Letter to the Editor
Published: January 3, 2008
To the Editor:
To my dearest namesake, Dan O’Hara (Letters to the Editor, The Georgia Bulletin, Dec. 13). The name we share, Dan or Daniel, is a venerable Hebrew one. In my case I was named for the Jewish obstetrician who helped my mother bring me into this world. Dan means judge, Daniel, God is my judge or judged by God. So I salute you my brother judge!
Thank you for taking the time to consider one aspect of this most gnarly question of immigration and immigration reform.
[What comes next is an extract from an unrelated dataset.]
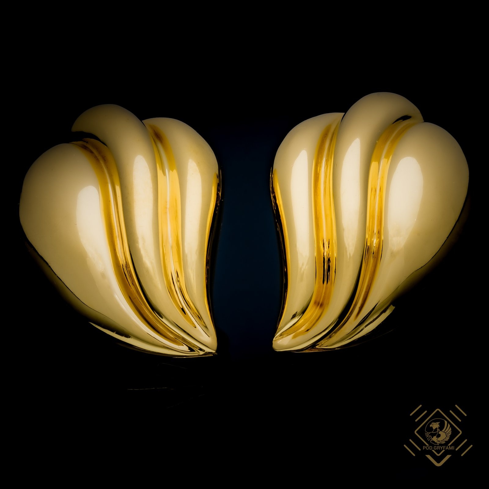 Opisywana para klipsów swoim kształtem nawiązuje do wzornictwa lat 80-tych XX wieku. Wyrazisty płomień podkreślony barwą osiemnasto karatowego złota. Piękna ozdoba ucha będąca doskonałym uzupełnieniem ,,małej czarnej".

Thank you, too, for taking the time to write to The Georgia Bulletin, thus making this paper a forum for open and thorough discussion of what may be one of the defining issues of this presidential campaign season.
I am terribly sorry that I spoke so poorly or perhaps the reporting was not clear. I am not as eloquent as our Archbishop nor as prudent. I did not intend to say, nor do I believe, that those who oppose undocumented aliens are racist. What I intended to say is that the policy of harassment by police in Cobb County sure looks like racism. But it may not be. Puffins, for example, look like ducks and walk like ducks but are not ducks.
My larger concerns about this issue are the following. We have agriculture, poultry, carpet, construction, and service industries in Georgia that have significant undocumented worker populations. They are able to work because of the poor and porous federal laws regulating employment and the lack of federal enforcement. The undocumented buy homes, cars, clothing, food, electronic goods and any number of other things. They contribute to the tax digest through sale tax, income tax and property tax. A punitive, shortsighted policy, like the approach Georgia took to drivers’ licenses, may cause the general population more harm than it limits or punishes the undocumented alien.
Lest I misspeak or be misunderstood again let me restate: I am not in favor of undocumented immigration. I support “handouts” to no one nor do I favor giving privileges to scofflaws.
What I do support is very, very careful, prudent and farsighted considerations that will lead to policies that will benefit everyone.